Product Liability in Thailand – Generics versus Branded Drugs

Product liability is the area of law in which manufacturers, distributors, suppliers, retailers, and others who make products available to the public are held responsible for the injuries caused by the use of the products. Generally, there are three major types of product liability claims, namely, (1) manufacturing defect, (2) design defect, and (3) a failure to warn (also known as marketing defects).

Manufacturing defects are those that occur in the manufacturing process and usually involve poor-quality materials or shoddy worksmanship.

Design defects occur where the product design is inherently dangerous or useless (and hence defective) no matter how carefully manufactured.

Failure-to-warn defects arise in products that carry inherent non-obvious dangers which could be mitigated through adequate warnings to the user, and these dangers are present regardless of how well the product is manufactured and designed for its intended purpose.

The law on product liability, in general, requires manufacturers to ensure that their products are of safe quality.

The Product Liability Act of Thailand

In Thailand, concerns and liabilities arising from the poor quality of its products reached alarming levels in 2007. Hence, in late 2007, Thailand’s National Legislative Assembly enacted the Product Liability Act, (“the Act”). Relevant sections of the Act are as follows:

“Section 5: All entrepreneurs shall be jointly liable for damages occurring to the damaged party from an unsafe product sold to the consumer. This shall apply to intentional damages or damages arising from the negligence of the entrepreneurs.

Section 6: For the entrepreneurs to be liable according to section 5, the damaged party or his prosecuting representative, based on section 10, shall prove that the damaged party sustained damages from the product of the entrepreneurs, and the use or storage of the product was done in a normal manner. However, evidence shall not be required to the effect that the damages occurred from the Action of a particular entrepreneur.
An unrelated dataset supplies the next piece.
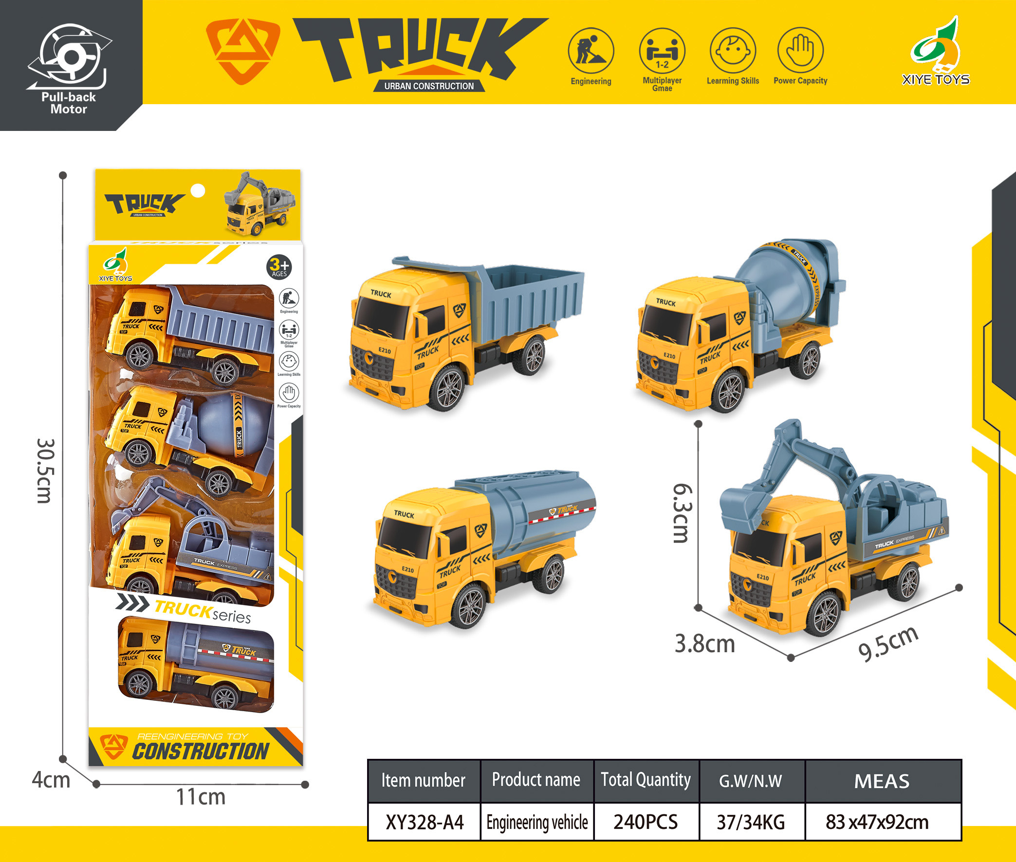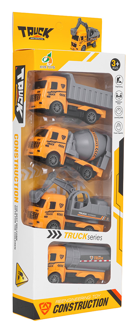 Sada 4 stavebních vozidel s pohyblivými prvky pro děti od tří let. Sada byla vyrobena z nejkvalitnějších materiálů s důrazem na detaily. Malé rozměry vozidel umožňují vzít je všude s sebou. V sadě se nachází míchačka na beton, sklápěčka, rypadlo-nakladač a cisterna.

Section 7: The entrepreneurs shall not be liable for damages arising from an unsafe product if it can be determined that

1) The product was not unsafe.

2) The damaged party had knowledge that the product was unsafe, or

3) The damages occurred from inappropriate use or storage of the product determined by the instructions for appropriate use and storage, warning, or product information accurately and clearly provided by the entrepreneurs.

Section 8: The party producing products by order of the party authorizing the production shall not be liable if evidence can be provided that the danger was caused by the design of the party authorizing the production or compliance to the instructions provided by the party authorizing the production, whereas the producing party had not expected such danger.
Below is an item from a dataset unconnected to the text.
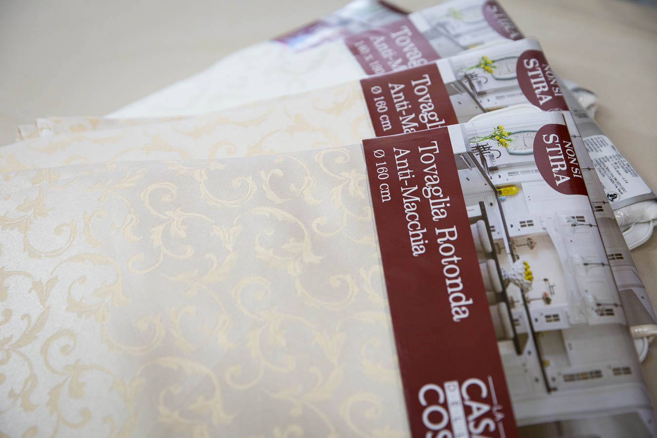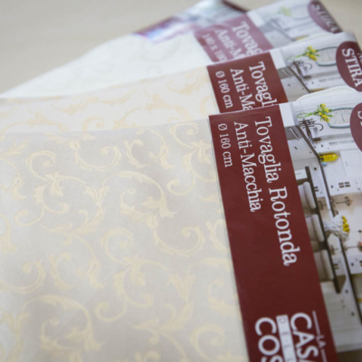 Posteljine, pokrivači, deke, ručnici, stolnjaci, kuhinjske krpe, pregače, kompleti, bademantili, otirači, kompleti za kupatilo, kišobrani… U veleprodaji kućnih potrepština su zastupljene slijedeće robne marke: Conviva, Margaret Pickens, La Casa delle Cose, Filago, Perletti…

The producer of the product components shall not be liable if it can be proven that the danger of the products was caused by the design, assembly, instructions for usage and storage, and warning or product information by the party producing the product.

Section 9: Agreements entered into between the consumer and the entrepreneurs before the damages and the statement of the entrepreneur to disclaim or place limits on his liability for damages caused by the unsafe product cannot be asserted as a disclaimer or limit the entrepreneur’s liability.

Section 10: The Consumer Protection Committee, associations and foundations certified by the Consumer Protection Committee under consumer laws shall be authorized to file legal proceedings for compensation in place of the damaged party under the stipulations related to filing of legal proceedings and prosecuting representation for legal proceedings, which shall be enforced with exceptions.

All fees shall be exempted for filing of legal proceedings in place of the damaged party under Paragraph One, with the exclusion of the final fee.”

Based on the above, it is clear that a claim for compensation against a company under the Act can only be made when the aggrieved party can prove that he or she has sustained ‘damage’ as a result of using the product of the company.

Generics versus Branded Drugs

It has, therefore, been commented that the position in law in the case of generic drugs has been that, a consumer in Thailand is restricted to claiming only against a manufacturer of a generics drug, as opposed to claiming against the manufacturer of its branded counterpart, should the consumer suffer any unexpected harmful effects as a result of using a generic drug.

If that is so, the position in Thailand with regard to the exposure of generic drug manufacturers to liability, differs from the “innovator theory” of products liability, which was recognized by a California appellate court. Under the ‘innovator theory”, a branded drug manufacturing company is imposed with the duty to warn patients whose doctors allegedly rely on its labeling information when prescribing medication, regardless of whether the patients are ultimately prescribed a branded or generic version of a drug. The said duty of the branded drug manufacturing company is to warn such patients about any adverse effect, whether it is of a branded or a generic drug.